Transfer of tax residence from France to Belgium – Consequences on the taxation of the future sale of shares?

When Mr. and Mrs. Dupont left France, the transfer of their tax residence out of France triggered the taxation (individual income tax and social surcharges of around 30%) of the latent capital gain on the shares upon departure.
However, for transfers within the EU, an automatic deferral of payment applies.

If the couple sells its shares whilst being tax resident of Belgium, timing will be of essence:

According to French domestic law, France is entitled to tax the sale of shares realized by the Dupont’s in application of two different mechanisms.

  • In application of article 244 bis B of the French tax code: the capital gain realized upon the sale of shares of a French company is fully taxable in France (the whole capital gain) in the event the sellers hold a substantial shareholding (>25% );

  • In application of the French exit tax mechanism: the latent capital gain becomes taxable if the shares are effectively sold within a 5-years period following the transfer of the tax residence.
    After this period, the exit tax is waived.

In Belgium, on the other hand, the tax treatment is significantly more favorable: capital gains on shares realized within the scope of the normal management of one’s private estate (and that do not qualify as professional income) are not taxable.

Since this is not merely a French (or Belgian) domestic situation but a cross border one, the tax regime applicable to the sale of Mr. and Mrs. Dupont’s shares of their French company after they became Belgian tax residents, is subject to the provisions of the double tax treaty concluded between France and Belgium.

The current Treaty does not contain a specific provision that deals with capital gains in general and/or on substantial shareholdings. Article 18 of this Treaty specifies that types of income that are not covered explicitly in the earlier provisions are solely taxable in the residence state.

Combining both the internal law and the current Treaty at the case at hand, this would imply for Mr. and Mrs. Dupont that a sale:

  • within the 5 first years following the transfer of tax residence will trigger the payment of the French exit tax. The taxable basis only includes the capital gain accrued until the move out of France. The applicable tax will be around 30% (income tax and social surcharges included). The capital gain related to the period after the move out of France is neither taxable in France as the current Treaty prevents France from applying its taxes according to article 244 bis B mentioned above, nor in Belgium (assuming that the capital gain falls within the scope of the normal management of one’s private estate).

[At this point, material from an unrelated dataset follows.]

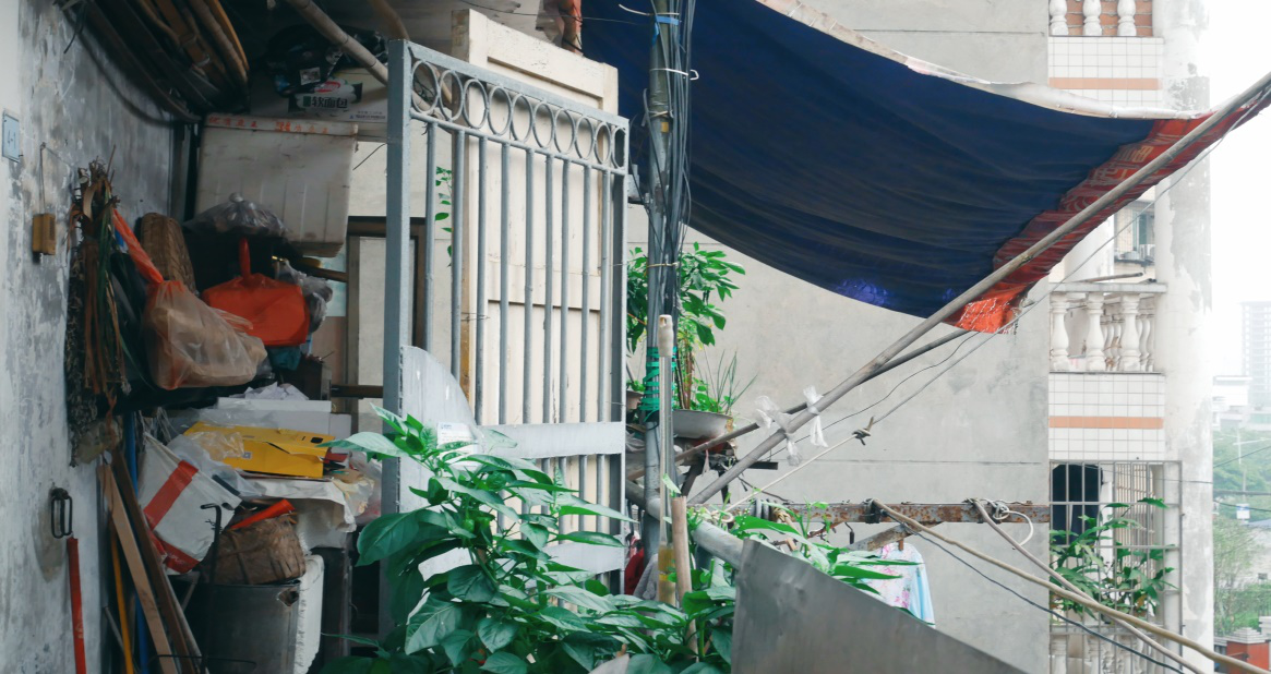 狭窄的小巷胡同几株爬山虎探头下来,一旧的居民楼藏在闹市后面,这里是双南路29号。李彩秀奶奶和她老伴黎松柏爷爷住在这栋带着岁月情怀的居民楼里。阳台外是用一塑料拼接而搭成的简陋雨棚,雨棚下挂着老人的衣服;阳台里的角落分成两半,一边堆积着捡来的废品,一边种着青椒、小青菜和夫妇俩的家很简陋,但是这个看似清贫的家,却处处透露着爱与温暖厨房紧挨着阳台,爷爷在厨台上择菜,奶奶带着小曾孙坐在门口哼唱童谣,夫妇俩偶尔目光相触,眼中全是对方。这大概就是书中所说,“入目无别人,四下皆是你。”夫妇俩人对话时慢慢悠悠的语调似乎一下子把人带回“从前日色慢、车马慢,一生只能爱一个人”的时代。

  • after the 5 first years following the transfer of tax residence, the sale cannot be taxed in France at all as the French exit tax is waived after 5 years and the current Treaty prevents France from taxing the gain realized since the transfer of residence. Also in Belgium in principle no tax is due (assuming that the capital gain falls within the scope of the normal management of one’s private estate).

The new Treaty contains a specific “substantial shareholding clause”. Therefore, France will not only be allowed to tax a higher portion of the gain but also for a longer period of time. Indeed, :

  • within the 5 first years following the transfer of residence, a sale will not only trigger the payment of the French exit tax at around 30% of the gain accrued until the emigration out of France, but also any gain accrued whilst the Dupont’s are Belgian tax residents, the tax being reduced to around 12.8% of income tax on this portion of the gain. According to the new Treaty, Belgium is obliged to grant an exemption.

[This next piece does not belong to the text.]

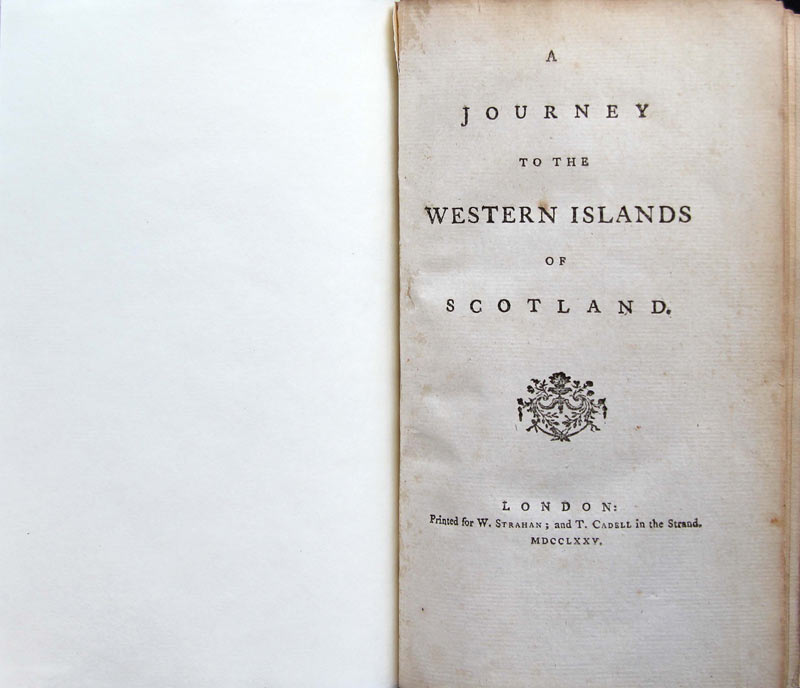 [Samuel Johnson], A Journey to the Western Islands of Scotland. London: Printed for W. Strahan; and T. Cadell, 1775.

  • after the 5th year and before the end of the 7th year following the transfer of tax residence, a sale triggers taxes on the entire capital gain in France at 12. 8%. Hence, even if, according to French domestic law, the exit tax is waived after 5 years, there are two additional years during which France remains entitled to tax the entire capital gain. According to the new Treaty, Belgium again needs to grant an exemption.

  • only after the 7th year, as a consequence of the new Treaty, a sale should not trigger any taxation of the gain in France. Again, in principle in Belgium no taxes are due (assuming that the capital gain falls within the scope of the normal management of one’s private estate).

This being said, if Belgium will not tax the capital gain, one may wonder if the taxpayer can still benefit from the new Treaty provisions. Indeed, according to the preambular paragraph of the new Treaty, the new Treaty was concluded “to avoid double taxation (…) without creating the possibility of a non-taxation”. But according to the same paragraph, such non-taxation must be the result of “tax evasion or avoidance”. Hence, we strongly recommend Mr and Mrs Dupont that the transfer of their tax residence to Belgium should not be contemplated for tax purposes only. This being said, considering that the issue arises mainly after 7 years of tax residence in Belgium, the risk that the French tax administration challenges the double non-taxation should, in our view, be limited.